EDIT: Here's a post that introduces one attempt at a MOSFET replacement board:  http://3dprintboard.com/showthread.p...ll=1#post38740

----------


## Donziboy2

> Well, what you're basically doing is designing and  building your own solid state relay.  Most people would likely just  purchase a commercially available SSR like discussed in other threads  and go that route.  
> 
> I don't have a link to provide as evidence, but this also isn't the  first time someone has designed a MOSFET replacement for the mechanical  relay board.
> 
> EDIT: Here's a post that introduces one attempt at a MOSFET replacement board:  http://3dprintboard.com/showthread.p...ll=1#post38740


I have noticed that TechMasterJoe vanished a while back.  I was  looking at his post on ATX boards but he has not been on the forums in a  while and all the images where not visible.

----------


## printbus

On the relay board, I recall maybe a couple of other threads where, in addition to providing a MOSFET switch, the person was adding other useful stuff onto their custom board. For example, adding an ABL servo or a Raspberry Pi Octoprint controller can leave you starved for 5V, so people were adding 5V regulators on their boards.  I remember suggesting that providing 12V distribution and a few lightweight MOSFETs for things like fans or lights would be a good idea.

----------


## Donziboy2

> On the relay board, I recall maybe a couple of other threads where, in addition to providing a MOSFET switch, the person was adding other useful stuff onto their custom board. For example, adding an ABL servo or a Raspberry Pi Octoprint controller can leave you starved for 5V, so people were adding 5V regulators on their boards.  I remember suggesting that providing 12V distribution and a few lightweight MOSFETs for things like fans or lights would be a good idea.


Im actually thinking of following in TechMasterJoe footsteps and using an ATX power supply.  For me atm its hard to guess what will and will not be useful, I just got the check today that will be going toward my 10" Pegasus, I have spent the last week or so just looking at things I plan to change from the start.  The Mosfet Driver seems to be the easiest to tackle and I can see it being used for other things, I just ordered 3 boards and parts today.  p.s. I can see some Chinese guy making and selling them for $3 in a few weeks time lol.
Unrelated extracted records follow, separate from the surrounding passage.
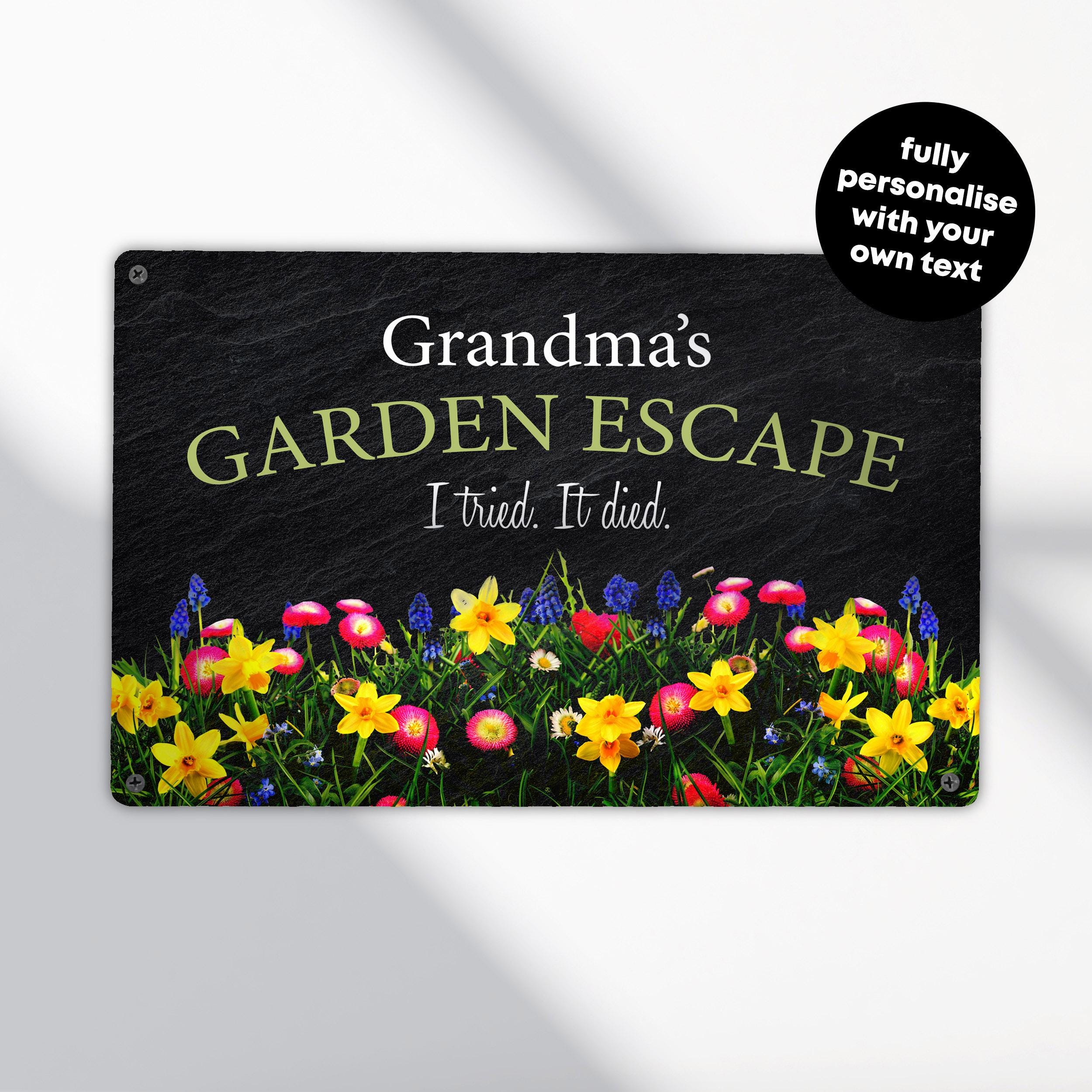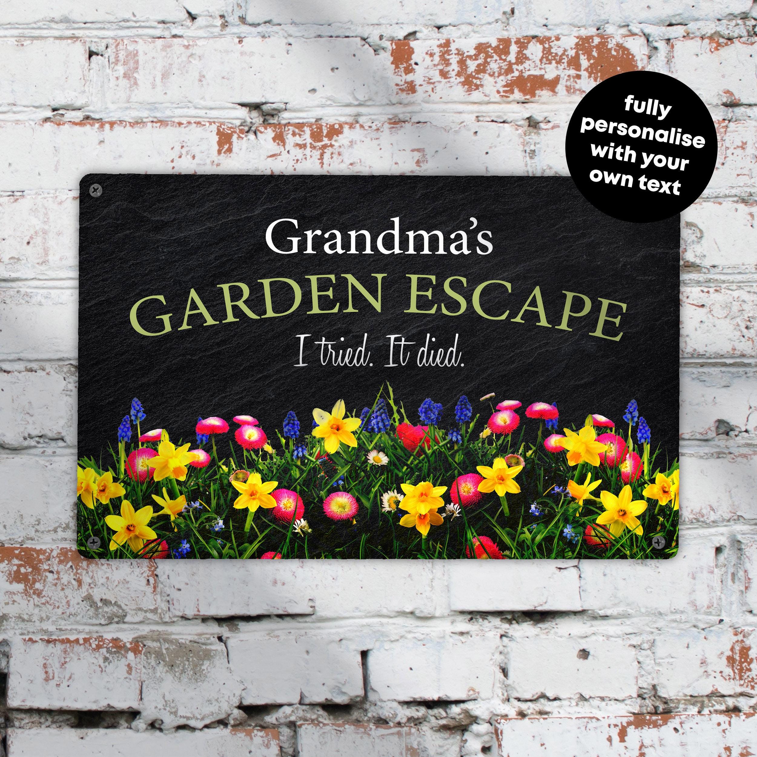 Personalised Garden Escape Sign Custom Aluminium Wall Art Outdoor Allotment Shed Decoration Plaque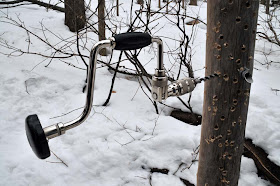 You can try your hand at manually drilling a post to see how the holes are made and the tree is tapped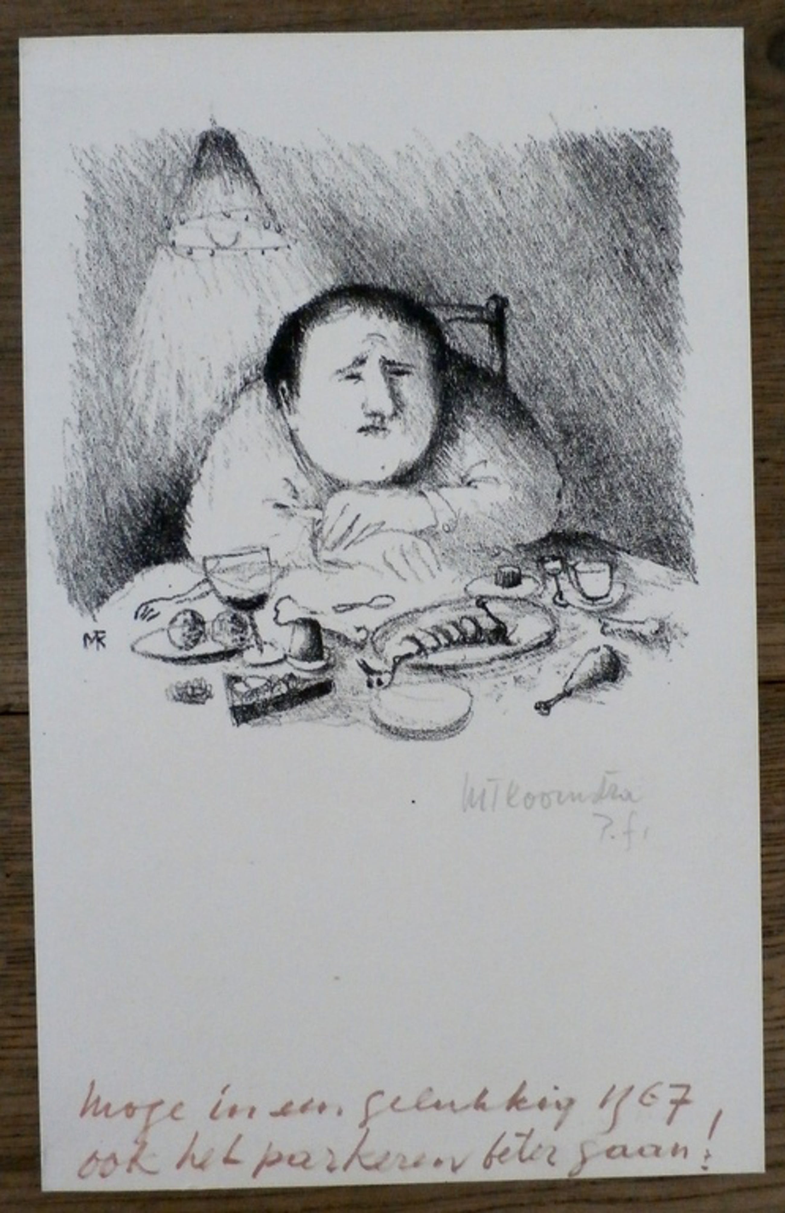 Litho van Metten Koornstra. Jaar: 1967. Titel: Moge in een gelukkig 1967 ook het parkeren veter gaan! Afmetingen: H23 x b15 cm. Afmetingen voorstelling: H12 x b13 cm.

I will say the ATX power supply's nowadays can give more then 1A in standby on the 5V line, this can power all the small stuff until the controller decides it needs more power and turns the supply on.  I also looked at reworking the Ramps 1.4, but thats a long battle for later.

----------


## Donziboy2

Got 2 boards assembled, boy its hard to tell just how small those resistor pads are until your trying to solder them.  The worst ones are those attached to large planes, good thing I have a good soldering iron.  Used the iron at work to do the large stuff, industrial irons are awesome lol.

----------


## Dustin B

Can only comment on the size of the mechanical relay. When I got a 12" piece of glass cut I had to get them to trim a notch in it to go around the relay. It sticks into the plane a full sized built plate needs by about an 1/16 to an 1/8th of an inch. I've since removed the relay and just jumpered the connection and will be using the SSR recommended in other threads for now.

----------


## Donziboy2

Did some testing at work, the D2Pak case gets to around 85C running at  0.7ohm load at 95% Duty Cycle (500Hz, 12V, 17Apk, 16.5A RMS).
I took the TO220 board and added a large heatsink , it had no problems  at the same levels as the D2Pak and seemed fairly stable at around 70C case temp.
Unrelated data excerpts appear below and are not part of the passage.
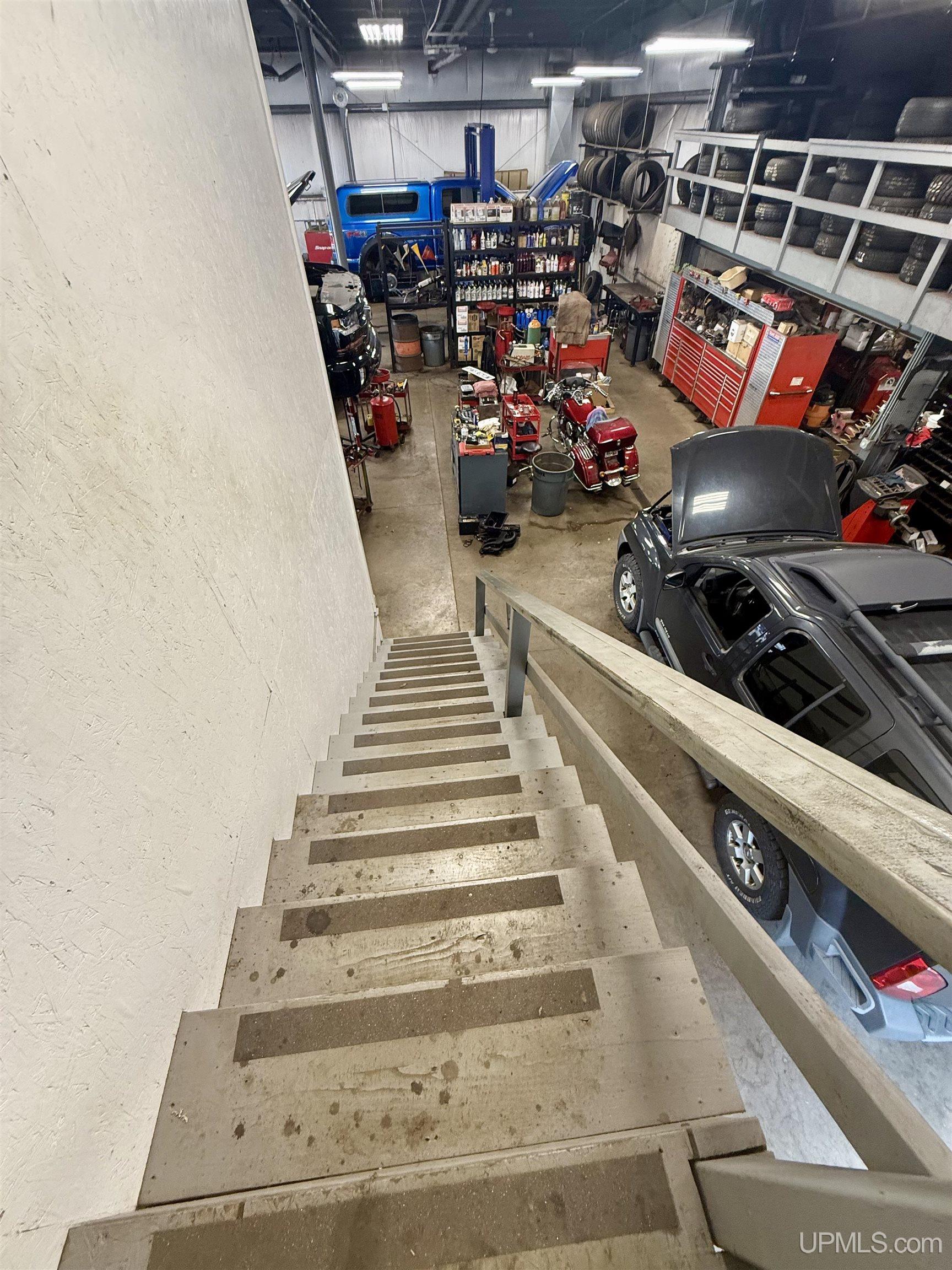 Turnkey Auto Service Facility & Business Opportunity. Built in 2014, this modern 3,519 sq. ft auto service facility is fully equipped and move-in ready. The property includes Office space: 408 sq. ft. with public restroom. Shop area: 3,111 sq. ft. with 6 service bays. Upper-level breakroom: 408 sq. ft (With refrigerator, sink, microwave, cabinets, dishware & tv). Employee bathroom which includes shower. Loft/Storage is appx. 572 sq. ft. with reinforced floor. Additional storage 15'x20' detached storage garage with employee parking area. Building features: Radiant-heat natural gas in shop and forced air natural gas furnace in office and breakroom area. Trench drains with oil separator, Air exchanger, 3 ceiling fans, emergency & exit lighting. ADA compliant, new energy-efficient lighting (2020), security camera system. Included Equipment & Inventory: (3) Hoists, tire changing machine, tire balancer, parts washer, air compressor, A/C repair equipment, brake lathe, drill press, shop press, engine hoist, cutting torch, arc welder, wire feed welder, miscellaneous supplies, inventory and security cameras. Additional business opportunity: The sale includes an established snow removal/ salt business with 20 regular customers. Package includes a 2015 Ford F-350 regular cab pickup truck with Boss 9'2" V plow and Boss salter. Other details: Customer records from the past 12 years are organized in QuickBooks. Energy-efficient, well maintained and fully operational facility. This property offers a rare chance to acquire a modern, well equipped auto service facility with additional income opportunities from snow removal services. Perfect for an owner-operator or expanding business. Located on Highway US 2 and the busiest intersection/traffic light in Iron Mountain with guaranteed visibility for your business.
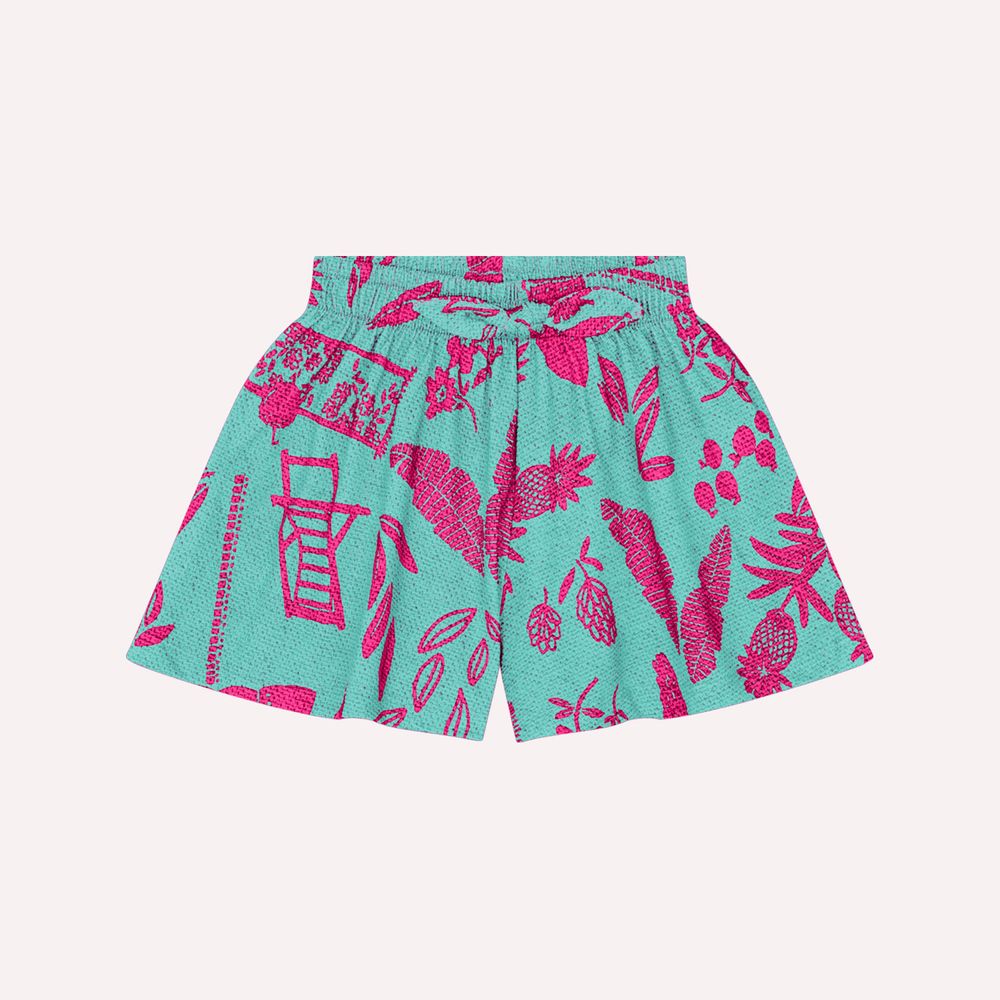 The shorts feature a rotating print, a waist with extra elastic, seamless sides and a hemmed hem, ensuring comfort and style for your little one to explore the world with lots of charm.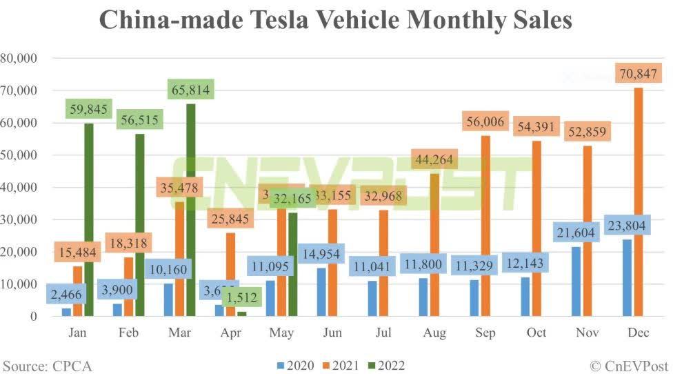 据悉,特斯拉上海工厂于4月19日复工,并于5月11日恢复出口。该工厂在5月份生产了33544辆汽车,较4月份增长212%。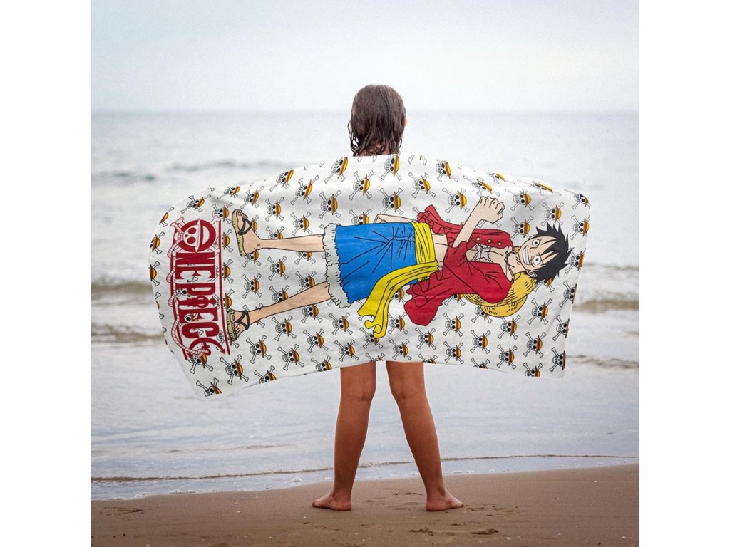 Oficiální produkt - ručník/osuška z katalogu dárkových výrobků s grafikou a licencí populárního animovaného seriálu One Piece.

I need to increase the size of the PCB to add space for a larger HS/larger copper pad for the D2PAK.
I found reducing the switching frequency also lowered temperatures fairly nicely, about a 10-12C drop going from 500 to 250Hz.

edit..
Got another 10C drop going from 250 to 100Hz  :Smile: 
At lower frequency's the two packages have close to the same case temperature, both are sitting happy around 50-55C.

----------


## Donziboy2

Slowly getting things setup.  V2 of the board will be larger but I want to see how V1 holds up under load first.
V2 will be the same size as the stock relay on the right.

----------


## Donziboy2

Got my printing doing some test prints today.  On my third print of the day using PLA(60C bed) im about 2 hours in and the SMD board is staying below 90F.  I have not changed from the stock relay sw configuration yet but it seems I over engineered my torture tests at work.

----------


## Donziboy2

Got PID control setup on the Heated Bed, the switching frequency is much lower then I had expected (only 7.633Hz).  Other then some hot wires(need to increase # of wires from ATX supply to bed) everything is nice and cool.

----------